▸ **Prompt**:
Please reproduce the entries exactly, skipping each picture.

▸ **Records from a data collection**:
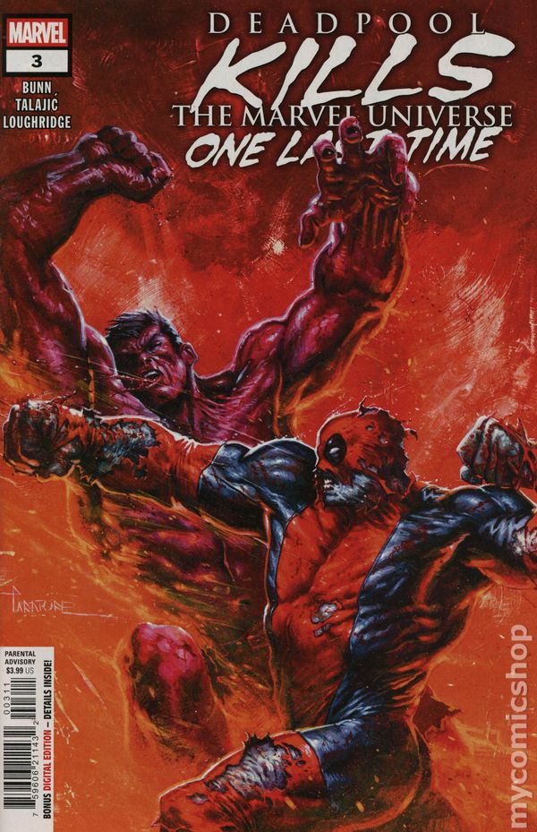 Limited 1 for 25 Retailer Incentive Variant Cover. Written by Cullen Bunn. Art by Dalibor Talajic. Cover by Nick Bradshaw. THE TRILOGY CONCLUDES! First, Deadpool killed every hero in the Marvel Universe… Then he killed every hero in another Marvel Universe… Well, now, hes back, and this time, slaughtering his way through Earths Mightiest Heroes wont be enough! Hes going after the worst of the worst, a whole Multiverse of Marvels greatest gone bad. Get ready for world-breaking Hulks, werewolf Captain Americas, and some all-new twisted takes! The classic universe-slaughtering team of Cullen Bunn (DEADPOOL KILLS THE MARVEL UNIVERSE) and Dalibor Talajić (DEADPOOL KILLS THE MARVEL UNIVERSE AGAIN) reunite to kill everyone one…more…time! 32 pages, full color. Rated Parental Advisory Cover price $4.99.
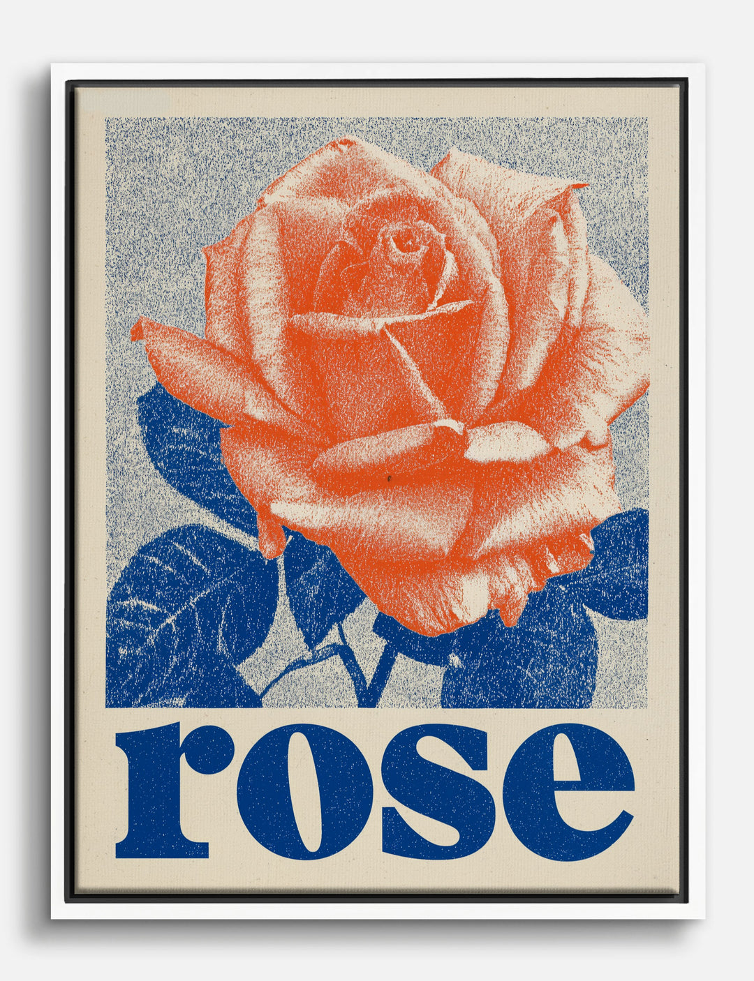 A bold pop of coral and blue brings instant energy to your walls—meet the rose that refuses to blend in. This piece isn’t just pretty; it’s a celebration of self-expression and unapologetic style.
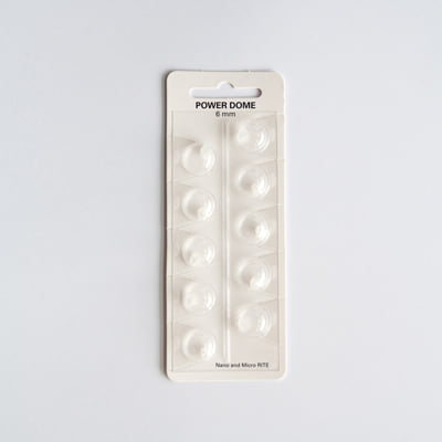 Bernafon RITE Power Dome is a hearing aid dome accessory for Bernafon receiver-in-the-ear (RITE) models with external receivers. Size: 6 mm. Type: Power dome (double-flange). Material: transparent silicone. Pack size: 10 domes. Compatibility: Bernafon hearing aids using NoWax or ProWax wax filters, including Bernafon Nano RITE and Bernafon Micro RITE.
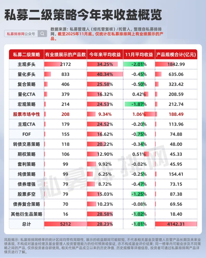 截至2025年11月底,百亿私募旗下在私募排排网上符合排名规则且有业绩展示的股票市场中性产品共有50只,今年来收益排名前10的上榜“门槛”超***%,位居前3的股票市场中性产品依次来自:平方和投资、进化论资产、明汯投资。
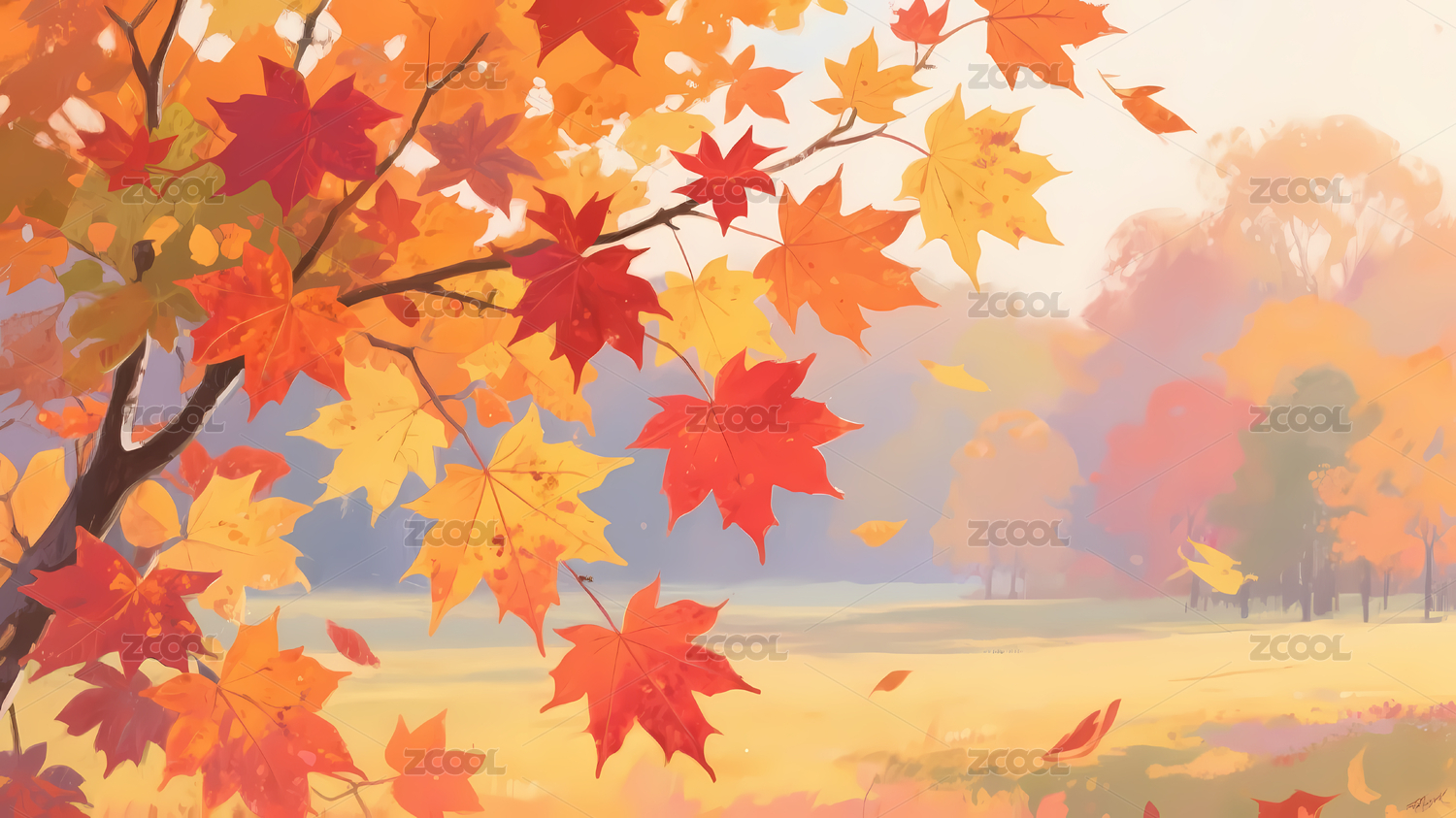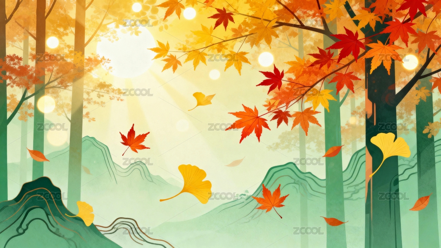 背景,素材,彩色,图案,国潮,清新,新鲜,金秋,彩绘,秋天
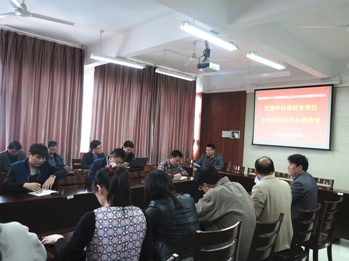 为贯彻落实2017学院思想政治工作会议精神,深化员工思想品德教育,4月14日下午,电气系在309室召开“挖掘学科课程育德性 全面开展员工品德教育”教师座谈会。电气系主任姜玉柱、党支部书记丁得果、副主任周忠艳、王郝出席会议。会议由副主任周忠艳主持。
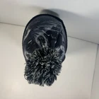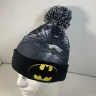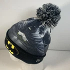 Batman black & gray New Era pom beanie, OSFM, 2016, The Dark Knight & bat symbol The tag says youth but it fits my big adult head just fine (size 7.5).
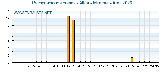 | Pluviómetro | Provincia | 1h | 6h | 12h | 24h |
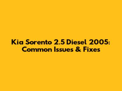 Kia Sorento 2.5 Diesel 2005: Common Issues & Fixes
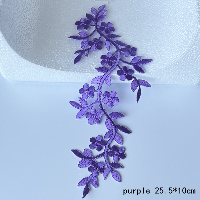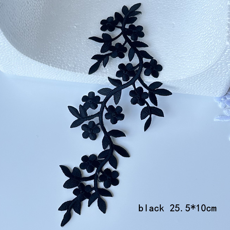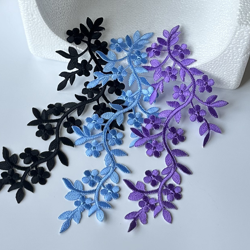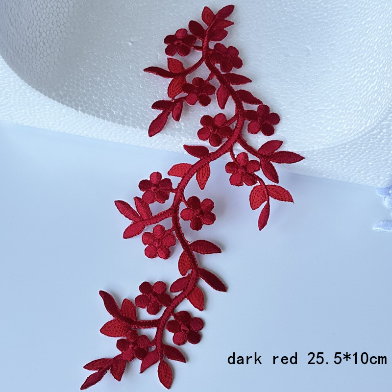 古风长条梅花刺绣布贴背胶补丁破洞贴花衣裙汉服装饰辅料DIY
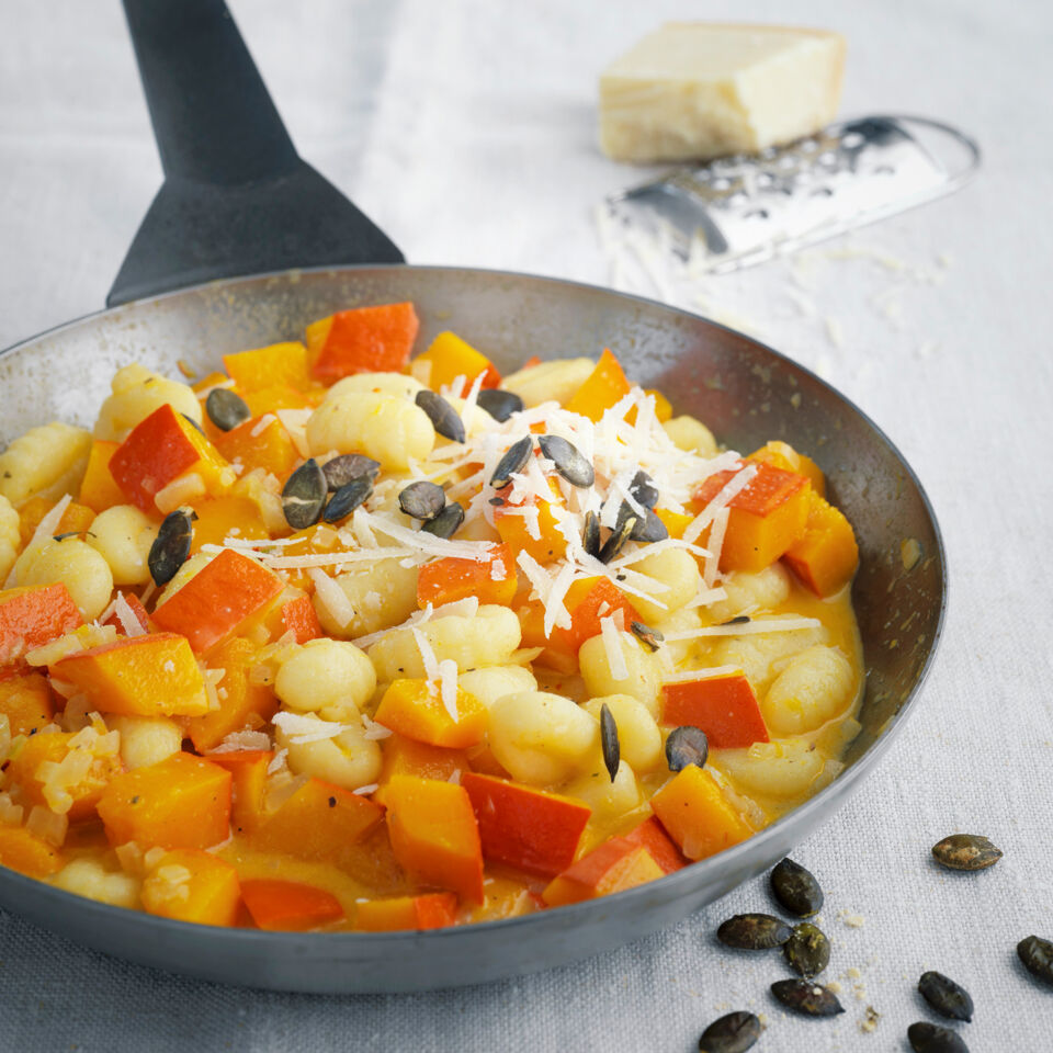 Wer mag, kann natürlich auch andere Kürbissorten ausprobieren. Die Kürbis-Gnocchi schmecken z.B. auch hervorragend mit Butternut- oder Halloween-Kürbis.
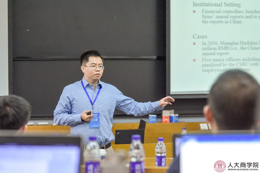 厦门大学管理公司吴育辉教授主持12日会议。厦门大学王迪博士报告论文《非处罚性监管会影响商业信用融资吗?——基于年报问询函的经验证据》。文章研究了以交易所年报问询函为代表的非处罚性监管对于商业信用的影响,他们发现收到年报问询函的上市公司商业信用融资规模会显著降低,同时他们进一步发现这种效应在行业内具有溢出效应。
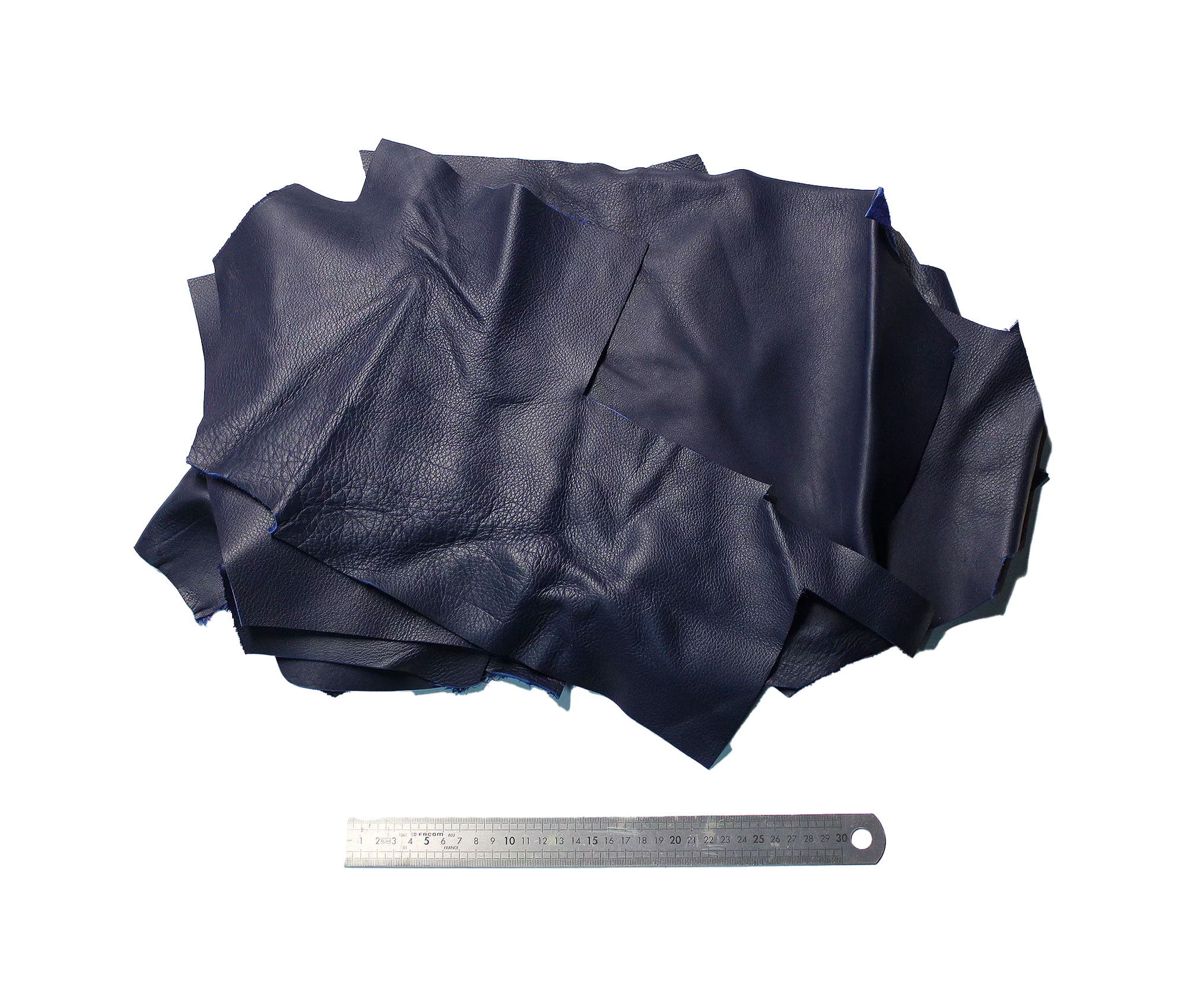 1 kilogram of calf nappa leather scrap 2nd choice - natural grain - blue navy

▸ **Exercise output**:
 Limited 1 for 25 Retailer Incentive Variant Cover. Written by Cullen Bunn. Art by Dalibor Talajic. Cover by Nick Bradshaw. THE TRILOGY CONCLUDES! First, Deadpool killed every hero in the Marvel Universe… Then he killed every hero in another Marvel Universe… Well, now, hes back, and this time, slaughtering his way through Earths Mightiest Heroes wont be enough! Hes going after the worst of the worst, a whole Multiverse of Marvels greatest gone bad. Get ready for world-breaking Hulks, werewolf Captain Americas, and some all-new twisted takes! The classic universe-slaughtering team of Cullen Bunn (DEADPOOL KILLS THE MARVEL UNIVERSE) and Dalibor Talajić (DEADPOOL KILLS THE MARVEL UNIVERSE AGAIN) reunite to kill everyone one…more…time! 32 pages, full color. Rated Parental Advisory Cover price $4.99.
 A bold pop of coral and blue brings instant energy to your walls—meet the rose that refuses to blend in. This piece isn’t just pretty; it’s a celebration of self-expression and unapologetic style.
 Bernafon RITE Power Dome is a hearing aid dome accessory for Bernafon receiver-in-the-ear (RITE) models with external receivers. Size: 6 mm. Type: Power dome (double-flange). Material: transparent silicone. Pack size: 10 domes. Compatibility: Bernafon hearing aids using NoWax or ProWax wax filters, including Bernafon Nano RITE and Bernafon Micro RITE.
 截至2025年11月底,百亿私募旗下在私募排排网上符合排名规则且有业绩展示的股票市场中性产品共有50只,今年来收益排名前10的上榜“门槛”超***%,位居前3的股票市场中性产品依次来自:平方和投资、进化论资产、明汯投资。
 背景,素材,彩色,图案,国潮,清新,新鲜,金秋,彩绘,秋天
 为贯彻落实2017学院思想政治工作会议精神,深化员工思想品德教育,4月14日下午,电气系在309室召开“挖掘学科课程育德性 全面开展员工品德教育”教师座谈会。电气系主任姜玉柱、党支部书记丁得果、副主任周忠艳、王郝出席会议。会议由副主任周忠艳主持。
 Batman black & gray New Era pom beanie, OSFM, 2016, The Dark Knight & bat symbol The tag says youth but it fits my big adult head just fine (size 7.5).
 | Pluviómetro | Provincia | 1h | 6h | 12h | 24h |
 Kia Sorento 2.5 Diesel 2005: Common Issues & Fixes
 古风长条梅花刺绣布贴背胶补丁破洞贴花衣裙汉服装饰辅料DIY
 Wer mag, kann natürlich auch andere Kürbissorten ausprobieren. Die Kürbis-Gnocchi schmecken z.B. auch hervorragend mit Butternut- oder Halloween-Kürbis.
 厦门大学管理公司吴育辉教授主持12日会议。厦门大学王迪博士报告论文《非处罚性监管会影响商业信用融资吗?——基于年报问询函的经验证据》。文章研究了以交易所年报问询函为代表的非处罚性监管对于商业信用的影响,他们发现收到年报问询函的上市公司商业信用融资规模会显著降低,同时他们进一步发现这种效应在行业内具有溢出效应。
 1 kilogram of calf nappa leather scrap 2nd choice - natural grain - blue navy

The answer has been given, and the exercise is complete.